Por via das d;uvidas quero manter uma estrada de mão dupla, ou seja, deixar um dinheirinho lá e outro aqui mas por enquanto não pesquisei como investir meu pouco dindim aqui no congelador. Talvez seja em previdência privada mas todo mundo me fala sobre ações…só de pensar no trabalho que dá eu fico com preguiça. Dinheiro eu gosto de ter, não de administrar e ter que ficar de olho na bolsa todo dia e infartar cada vez que ela cai não é comigo. Talvez eu no tenha vocação para fazer as verdinhas se multiplicarem.
Bjs
oi Gean,
Como disse a Paula, como imigrantes recem chegados – menos de 1 ano, a gente vai fazendo conforme a necessidade e tudo swe torna uma conquista no comeco. Porem, planejar eh preciso e como!! Vc esta certissimo em tracar seus objetivos e correr atras deles. Se nao alcanca-los, pelo menos podera dizer a si mesmo: tentei!!

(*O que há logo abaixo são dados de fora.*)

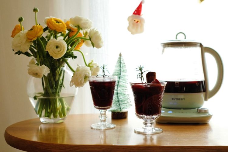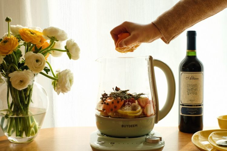 倒入一瓶红酒,养生壶选择水果茶模式,烹煮10分钟时间即可

Qto aa aposentadoria, pensamos em ter no Brasil e aqui. Penso que temos direito aa ela no Brasil, pois contribuimos com nosso trabalho por muuuiitos anos e podemos passar a contribuir agora, como contribuintes individuais…
abracos e boa semana
Paula: Eu concordo contigo porém uma coisa eu imagino que faria novamente: teria saído do Brasil com um pouco mais de conhecimento desse mercado financeiro. Mas aí é difícil pensar em mercado financeiro quando nossas finanças estão saindo sem emprego né? ó vida :)
Rafael: Sim, é tudo isso que você falou. Porém, os valores dependem de quanto você ganha! Porém, você também precisa levar em consideração que a esta altura do campeonato você não terá mais impostos, já terá uma renda complementar, coisas do tipo.
Simara: Eu quem o diga :) Mas estou colocando na cabeça do meu irmão mais novo que ainda há tempo e esperança. Se existe para ele, também existe para todos nós né?
Jeanne: Mesmo que ela não tenha visto um centavo desde que vocês vieram, os juros estão aumentando – podem ser poucos agora, mas ao longo prazo, você verá que foi o melhor investimento feito. Eu estou lendo bastante sobre esse assunto e em breve pretendo colocar aqui no blog minhas descobertas.
Cecília: Como seria possível essa contribuição individual?